This book is about walking as a form of knowing. Armed with Ngai Tahu's ancient oral maps and modern satellite atlas, I crossed the Southern Alps more than a dozen times, trying to understand how our forebears saw the land. What did it mean to define your identity by sacred mountains, or actually see them as ancestors, turned to stone?
Raised in the shadow of New Zealand's Southern Alps, Nic Low grew up on stories of mountain exploration from his family's European side. Years later, a vision of the alps in a bank of storm clouds sparked his return home, and a decade-long obsession with comprehending how his Maori ancestors knew that same terrain.
Ka Tiritiri o te Moana, the alps, form the backbone of the Ngai Tahu tribe's territory: five hundred kilometres of mountains and glaciers, rivers and forests. Far from being virgin wilderness, the area was named and owned long before Europeans arrived and the struggle for control of the land began.
Low talked with tribal leaders, dived into the archives and an astonishing family memoir, and took what he learned for a walk.

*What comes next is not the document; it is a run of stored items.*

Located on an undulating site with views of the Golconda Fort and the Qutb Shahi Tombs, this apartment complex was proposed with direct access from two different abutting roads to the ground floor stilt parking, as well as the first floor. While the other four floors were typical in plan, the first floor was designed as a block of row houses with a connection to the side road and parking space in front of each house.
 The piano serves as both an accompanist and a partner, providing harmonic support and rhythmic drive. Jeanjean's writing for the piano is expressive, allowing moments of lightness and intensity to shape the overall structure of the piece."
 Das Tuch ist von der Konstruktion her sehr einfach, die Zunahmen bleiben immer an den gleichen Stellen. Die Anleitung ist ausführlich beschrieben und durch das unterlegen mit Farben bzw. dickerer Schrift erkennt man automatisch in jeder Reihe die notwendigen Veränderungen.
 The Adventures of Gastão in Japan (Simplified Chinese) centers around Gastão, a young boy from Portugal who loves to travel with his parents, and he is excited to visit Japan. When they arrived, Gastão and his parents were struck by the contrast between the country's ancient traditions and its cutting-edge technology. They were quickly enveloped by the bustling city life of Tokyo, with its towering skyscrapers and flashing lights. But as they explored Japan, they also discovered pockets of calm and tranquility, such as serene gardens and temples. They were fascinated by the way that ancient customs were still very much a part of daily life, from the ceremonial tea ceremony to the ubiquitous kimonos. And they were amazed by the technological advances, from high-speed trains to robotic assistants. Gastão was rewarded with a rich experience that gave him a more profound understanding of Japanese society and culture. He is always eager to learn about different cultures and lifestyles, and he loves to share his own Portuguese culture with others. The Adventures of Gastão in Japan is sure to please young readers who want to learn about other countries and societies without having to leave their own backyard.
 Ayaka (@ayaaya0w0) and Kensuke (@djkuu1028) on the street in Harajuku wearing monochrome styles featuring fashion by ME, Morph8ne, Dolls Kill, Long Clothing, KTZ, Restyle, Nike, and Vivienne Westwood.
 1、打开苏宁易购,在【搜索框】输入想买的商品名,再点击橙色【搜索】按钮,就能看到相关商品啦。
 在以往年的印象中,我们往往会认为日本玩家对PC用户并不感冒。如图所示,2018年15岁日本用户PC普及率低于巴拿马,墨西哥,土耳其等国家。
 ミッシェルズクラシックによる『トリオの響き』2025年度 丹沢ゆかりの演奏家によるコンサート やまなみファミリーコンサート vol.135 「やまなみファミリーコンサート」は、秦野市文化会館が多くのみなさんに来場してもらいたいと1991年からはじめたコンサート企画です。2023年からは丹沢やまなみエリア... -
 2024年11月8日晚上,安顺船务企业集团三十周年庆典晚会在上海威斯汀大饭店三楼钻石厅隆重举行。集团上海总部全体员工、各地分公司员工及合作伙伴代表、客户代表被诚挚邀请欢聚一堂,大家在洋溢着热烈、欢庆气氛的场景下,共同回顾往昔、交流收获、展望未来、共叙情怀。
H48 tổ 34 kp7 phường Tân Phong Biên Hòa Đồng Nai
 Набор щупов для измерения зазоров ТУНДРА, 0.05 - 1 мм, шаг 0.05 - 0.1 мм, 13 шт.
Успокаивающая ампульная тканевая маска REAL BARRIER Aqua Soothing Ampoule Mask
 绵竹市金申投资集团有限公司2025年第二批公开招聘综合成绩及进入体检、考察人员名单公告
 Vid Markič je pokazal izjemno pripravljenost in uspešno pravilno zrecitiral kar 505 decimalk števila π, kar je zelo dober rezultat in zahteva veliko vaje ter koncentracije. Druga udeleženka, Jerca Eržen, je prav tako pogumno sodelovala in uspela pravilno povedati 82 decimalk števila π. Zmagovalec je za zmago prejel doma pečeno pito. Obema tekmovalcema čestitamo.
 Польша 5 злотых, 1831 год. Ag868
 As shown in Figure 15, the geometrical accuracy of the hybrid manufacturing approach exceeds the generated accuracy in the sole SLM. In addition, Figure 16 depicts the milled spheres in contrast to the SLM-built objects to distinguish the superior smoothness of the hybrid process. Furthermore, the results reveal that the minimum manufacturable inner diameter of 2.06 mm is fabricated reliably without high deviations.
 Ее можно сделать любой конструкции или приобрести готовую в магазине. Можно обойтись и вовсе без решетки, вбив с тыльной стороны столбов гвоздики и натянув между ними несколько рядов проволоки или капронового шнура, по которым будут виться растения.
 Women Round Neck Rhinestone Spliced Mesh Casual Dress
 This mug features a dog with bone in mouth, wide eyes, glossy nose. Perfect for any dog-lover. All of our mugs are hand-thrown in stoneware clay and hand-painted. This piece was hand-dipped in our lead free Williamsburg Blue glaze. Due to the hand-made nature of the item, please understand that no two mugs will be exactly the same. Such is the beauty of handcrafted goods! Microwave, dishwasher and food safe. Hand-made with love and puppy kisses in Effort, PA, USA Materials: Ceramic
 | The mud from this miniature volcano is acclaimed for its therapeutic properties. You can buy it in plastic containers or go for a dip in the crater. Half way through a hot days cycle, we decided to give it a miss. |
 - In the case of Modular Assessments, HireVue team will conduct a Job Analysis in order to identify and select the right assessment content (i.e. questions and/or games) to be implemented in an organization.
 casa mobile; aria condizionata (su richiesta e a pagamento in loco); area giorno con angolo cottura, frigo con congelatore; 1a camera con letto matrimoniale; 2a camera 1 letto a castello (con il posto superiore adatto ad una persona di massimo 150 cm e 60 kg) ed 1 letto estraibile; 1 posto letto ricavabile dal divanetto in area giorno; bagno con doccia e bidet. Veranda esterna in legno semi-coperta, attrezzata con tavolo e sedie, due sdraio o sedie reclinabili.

Part gripping adventure story, part meditation on history and place, Uprising recounts his alpine expeditions to unlock the stories living in the land.
What does it mean to transport pounamu, greenstone, across three hundred kilometres of rivers and ranges for the first time in almost two centuries? How does it feel to climb the sacred peak Aoraki / Mt Cook, then deliberately turn back before the top? And if you ignore traditional omens and try to cross the Main Divide in the dead of winter, should you expect to survive?
Uprising brings a staunchly indigenous perspective to the walking tradition of writers like Robert Macfarlane. It is an invitation to travel one of the world's most spectacular landscapes in the footsteps of Maori explorers, raiding parties, and gods.